Prison of Fear
Introduction ~ Year Without Fear
Introduction: A Year
Without Fear
In all the years I lived in
Los Angeles I remember one year that wasn't dominated by fear. My
mother had moved to New York and I was left in the care of my
stepfather. I was in fifth grade and it was probably the happiest
year of my childhood. It was the summer of eighty three in Long Beach
California and I would soon be starting a new school again. This year
would be the only time I really remember feeling safe at home. I
wouldn't have to worry about violent outbursts or being told I was
worthless and a burden. This was my last year in Los Angeles and part
of me knew that it wasn't going to last. I don't remember hearing
from my mom that year but I counted that as a good thing.
My mother had been a
violent and loving person in alternating moments. Life with her meant
long stretches of calm punctuated by incredibly violent rages. The
rage could come at any given moment and I never knew what would set
her off. I feared and loved my mother simultaneously though my step
father took most of the brunt of her rage. I'm not sure but I don't
think he would have allowed her to take out her frustration on me.

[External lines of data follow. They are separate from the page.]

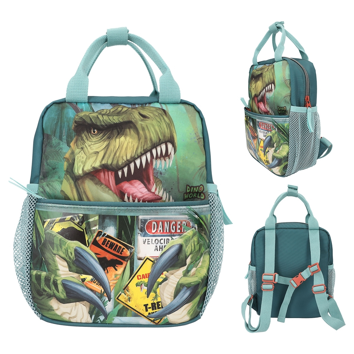 Vaarallisen viileä: Dino World Etupuolella on suuri T-rex-kuvio, ja siihen kiinnitetyssä etutaskussa on dinosauruksen kynnet ja kirkkaat varoitusmerkit 3D-ilmeessä. Ympäriinsä upeat tummanvihreät sävyt, turkoosinväriset hihnat, kahvat ja sivussa olevat verkkotaskut sekä ruosteenpunaiset yksityiskohdat. Sisäpuolen vuori on painettu dinosauruksen luupainatuksella. Materiaali: Kangas: materiaali: 100 prosenttia polyesteriä
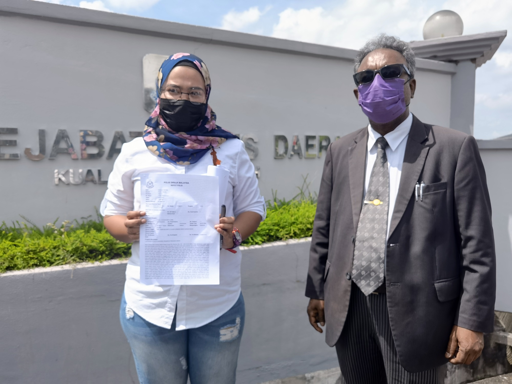 律师迪嘉亚拉连同报案人努鲁阿斯金(22岁)今日到瓜拉姆拉警区总部报案后,在警局外召开新闻发布会。
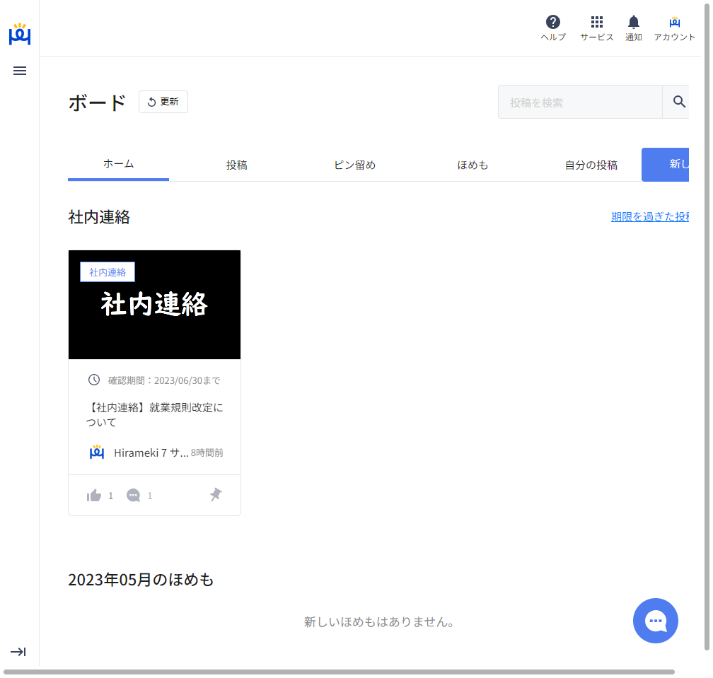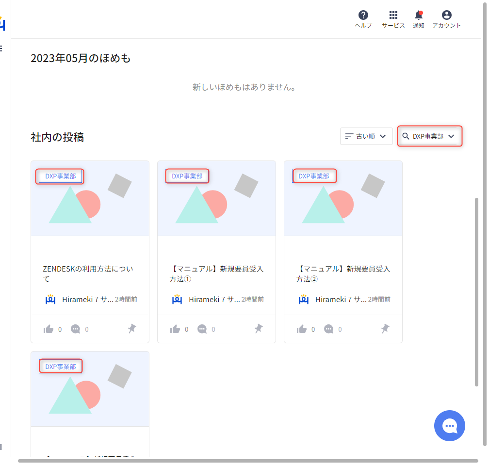 このカテゴリの機能を使い、例えば「業務マニュアル」などのカテゴリを作成し、そちらに簡単な業務マニュアルを掲載したり、部署ごとにカテゴリを作成し部署毎の共有事項を投稿するなどの使い方も可能です。また、表示されるカードには画像を設定できますので、カテゴリ毎、部署毎、投稿される内容毎に設定する画像を決めて運用すると視覚的にもわかりやすい使い方ができます。

My
stepfather was an alcoholic and a very peaceful person so when my
mother would go off he would simply take it. It was his role to
remain calm while my mother would scream and yell. When the yelling
was no longer enough she would start throwing things and breaking
things of his that had meaning to their relationship. I watched as
she tore apart the t-shirt he had gotten when we went to Grand Teton
National park. She even sprayed Windex in his face and not once did
my stepfather raise his hand to even block a punch or slap. He was a
black belt in Tae-Kwon-Do but he never hit her back or raised his
voice and to this day I respect him for that.